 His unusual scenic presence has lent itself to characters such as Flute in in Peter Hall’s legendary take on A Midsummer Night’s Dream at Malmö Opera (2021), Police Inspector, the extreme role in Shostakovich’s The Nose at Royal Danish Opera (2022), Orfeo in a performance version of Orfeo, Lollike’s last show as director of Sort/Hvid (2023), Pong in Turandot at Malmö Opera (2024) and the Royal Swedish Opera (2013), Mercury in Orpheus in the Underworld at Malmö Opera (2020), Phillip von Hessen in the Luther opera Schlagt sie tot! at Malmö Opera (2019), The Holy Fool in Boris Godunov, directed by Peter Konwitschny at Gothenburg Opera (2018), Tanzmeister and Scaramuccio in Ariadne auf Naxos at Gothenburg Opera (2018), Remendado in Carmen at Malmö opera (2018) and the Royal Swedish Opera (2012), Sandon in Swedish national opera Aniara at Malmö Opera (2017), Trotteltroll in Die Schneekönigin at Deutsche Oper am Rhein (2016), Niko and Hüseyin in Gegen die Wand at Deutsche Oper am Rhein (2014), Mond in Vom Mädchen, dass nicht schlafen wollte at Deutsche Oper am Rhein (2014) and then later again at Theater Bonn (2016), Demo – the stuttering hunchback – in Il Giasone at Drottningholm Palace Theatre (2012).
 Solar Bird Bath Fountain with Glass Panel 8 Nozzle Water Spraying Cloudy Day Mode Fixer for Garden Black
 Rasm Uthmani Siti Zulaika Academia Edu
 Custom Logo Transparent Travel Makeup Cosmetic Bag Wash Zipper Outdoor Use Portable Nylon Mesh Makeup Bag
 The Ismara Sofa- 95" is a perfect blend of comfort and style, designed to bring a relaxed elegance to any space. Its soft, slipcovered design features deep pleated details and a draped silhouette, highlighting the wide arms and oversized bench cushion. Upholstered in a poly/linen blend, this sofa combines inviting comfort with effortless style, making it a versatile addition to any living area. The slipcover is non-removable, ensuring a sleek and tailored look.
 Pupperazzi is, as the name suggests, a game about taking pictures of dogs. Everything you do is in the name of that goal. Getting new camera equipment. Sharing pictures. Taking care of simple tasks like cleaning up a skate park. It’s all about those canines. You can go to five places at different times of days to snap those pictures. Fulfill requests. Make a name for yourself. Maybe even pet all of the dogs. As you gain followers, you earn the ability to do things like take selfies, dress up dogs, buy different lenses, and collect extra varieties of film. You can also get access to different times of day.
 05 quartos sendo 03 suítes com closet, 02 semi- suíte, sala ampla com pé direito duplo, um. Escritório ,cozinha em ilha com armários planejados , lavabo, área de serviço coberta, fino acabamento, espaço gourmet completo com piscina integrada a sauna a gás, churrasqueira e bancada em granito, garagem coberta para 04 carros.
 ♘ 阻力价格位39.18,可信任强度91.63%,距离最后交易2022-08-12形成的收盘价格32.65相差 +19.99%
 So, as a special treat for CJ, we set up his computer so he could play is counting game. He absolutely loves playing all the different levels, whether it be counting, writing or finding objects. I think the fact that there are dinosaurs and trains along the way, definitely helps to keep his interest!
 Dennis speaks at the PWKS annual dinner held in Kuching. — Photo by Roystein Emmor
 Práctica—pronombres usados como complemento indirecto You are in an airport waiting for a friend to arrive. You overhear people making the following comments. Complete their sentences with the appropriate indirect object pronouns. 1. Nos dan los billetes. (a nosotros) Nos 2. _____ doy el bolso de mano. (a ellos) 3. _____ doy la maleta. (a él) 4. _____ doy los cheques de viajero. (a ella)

Assignment
Transcribe, exactly as written, all lines of the entries above from the first to the one containing "and tailored look.", and no more.

Response to this exercise
 His unusual scenic presence has lent itself to characters such as Flute in in Peter Hall’s legendary take on A Midsummer Night’s Dream at Malmö Opera (2021), Police Inspector, the extreme role in Shostakovich’s The Nose at Royal Danish Opera (2022), Orfeo in a performance version of Orfeo, Lollike’s last show as director of Sort/Hvid (2023), Pong in Turandot at Malmö Opera (2024) and the Royal Swedish Opera (2013), Mercury in Orpheus in the Underworld at Malmö Opera (2020), Phillip von Hessen in the Luther opera Schlagt sie tot! at Malmö Opera (2019), The Holy Fool in Boris Godunov, directed by Peter Konwitschny at Gothenburg Opera (2018), Tanzmeister and Scaramuccio in Ariadne auf Naxos at Gothenburg Opera (2018), Remendado in Carmen at Malmö opera (2018) and the Royal Swedish Opera (2012), Sandon in Swedish national opera Aniara at Malmö Opera (2017), Trotteltroll in Die Schneekönigin at Deutsche Oper am Rhein (2016), Niko and Hüseyin in Gegen die Wand at Deutsche Oper am Rhein (2014), Mond in Vom Mädchen, dass nicht schlafen wollte at Deutsche Oper am Rhein (2014) and then later again at Theater Bonn (2016), Demo – the stuttering hunchback – in Il Giasone at Drottningholm Palace Theatre (2012).
 Solar Bird Bath Fountain with Glass Panel 8 Nozzle Water Spraying Cloudy Day Mode Fixer for Garden Black
 Rasm Uthmani Siti Zulaika Academia Edu
 Custom Logo Transparent Travel Makeup Cosmetic Bag Wash Zipper Outdoor Use Portable Nylon Mesh Makeup Bag
 The Ismara Sofa- 95" is a perfect blend of comfort and style, designed to bring a relaxed elegance to any space. Its soft, slipcovered design features deep pleated details and a draped silhouette, highlighting the wide arms and oversized bench cushion. Upholstered in a poly/linen blend, this sofa combines inviting comfort with effortless style, making it a versatile addition to any living area. The slipcover is non-removable, ensuring a sleek and tailored look.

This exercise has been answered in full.